Mumbai: Shares of airlines rose on Wednesday, a day before the federal cabinet is expected to consider a proposal to allow foreign carriers to buy stakes of as much as 49% in a potential lifeline to the struggling Indian aviation industry.
Kingfisher Airlines Ltd shares rose 6.43% to close at Rs19.85, SpiceJet Ltd rose 5.45% to Rs29 and Jet Airways India Ltd rose 5.26% to Rs358.5 on the Bombay Stock Exchange on a day the benchmark Sensex lost 0.26%.
Cash-strapped Kingfisher Airlines, controlled by liquor baron Vijay Mallya, has been at the forefront of lobbying the government to allow foreign direct investment (FDI) by overseas carriers in India’s airlines. Other carriers that are favouring FDI include SpiceJet and Go Airlines (India) Pvt. Ltd.

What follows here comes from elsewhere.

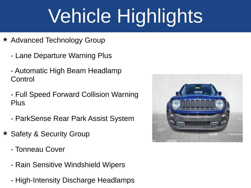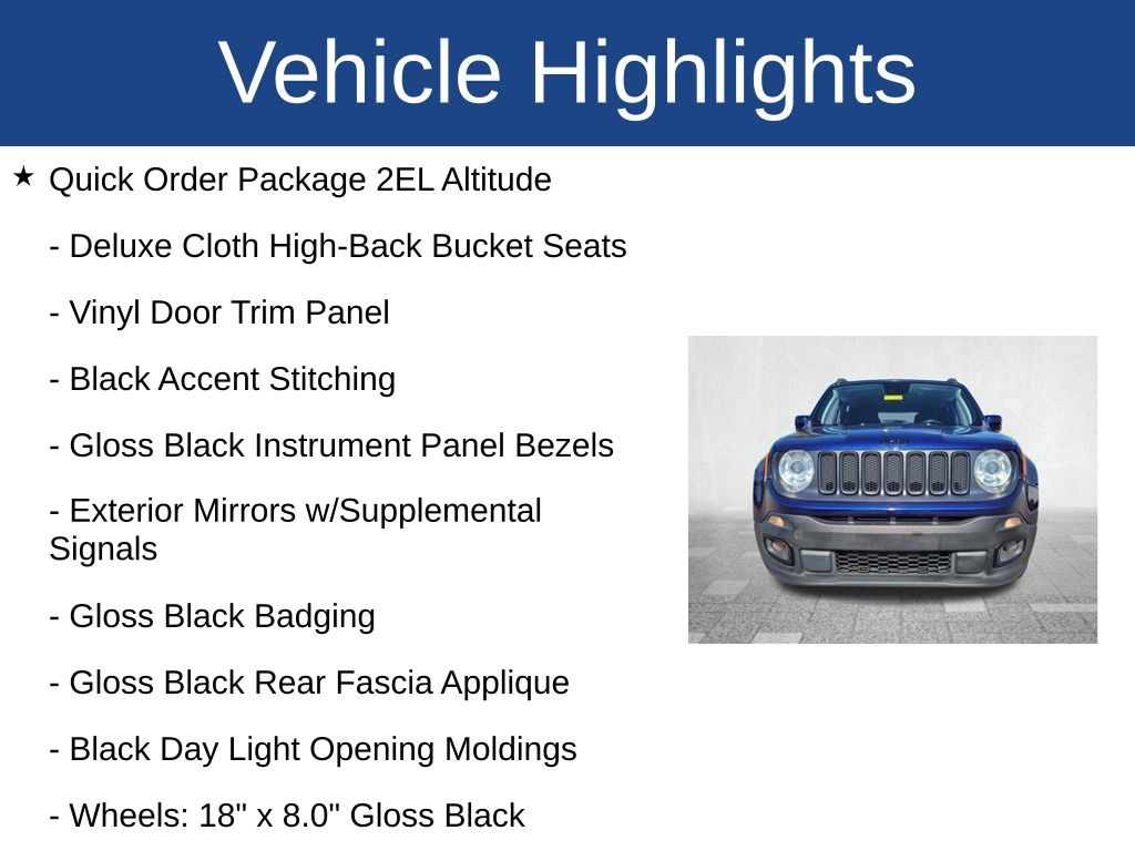 Renegade Altitude, 4D Sport Utility, 2.4L I4, 9-Speed 948TE Automatic, FWD, Jetset Blue, Black Cloth, Advanced Technology Group, Altitude Package, Automatic High Beam Headlamp Control, Black Accent Stitching, Black Day Light Opening Moldings, Blind Spot & Cross Path Detection, Deluxe Cloth High-Back Bucket Seats, Exterior Mirrors w/Supplemental Signals, Full Speed Forward Collision Warning Plus, Gloss Black Badging, Gloss Black Instrument Panel Bezels, Gloss Black Rear Fascia Applique, High-Intensity Discharge Headlamps, Lane Departure Warning Plus, ParkSense Rear Park Assist System, Quick Order Package 2EL Altitude, Rain Sensitive Windshield Wipers, Safety & Security Group, Security Alarm, Tonneau Cover, Vinyl Door Trim Panel, Wheels: 18" x 8.0" Gloss Black.

Jet Airways and InterGlobe Aviation Pvt Ltd, which runs IndiGo, oppose the proposal.
Foreign airlines are currently barred from investing in Indian carriers although other foreign companies can take as much as a 49% stake in them. The relaxation could help airlines that are weighed down by debt and accumulated losses gain access to capital.
Civil aviation minister Ajit Singh took the lead in proposing to allow foreign airlines to pick up as much as 49% of Indian carriers instead of the 26% his ministry had been suggesting.
In mid-December 2011, consulting firm Centre for Asia Pacific Aviation estimated that India’s airlines lose $25-30 every time a domestic passenger boards an aircraft. Domestic carriers are expected to post a combined loss of $2.5 billion in the year ended March 2012.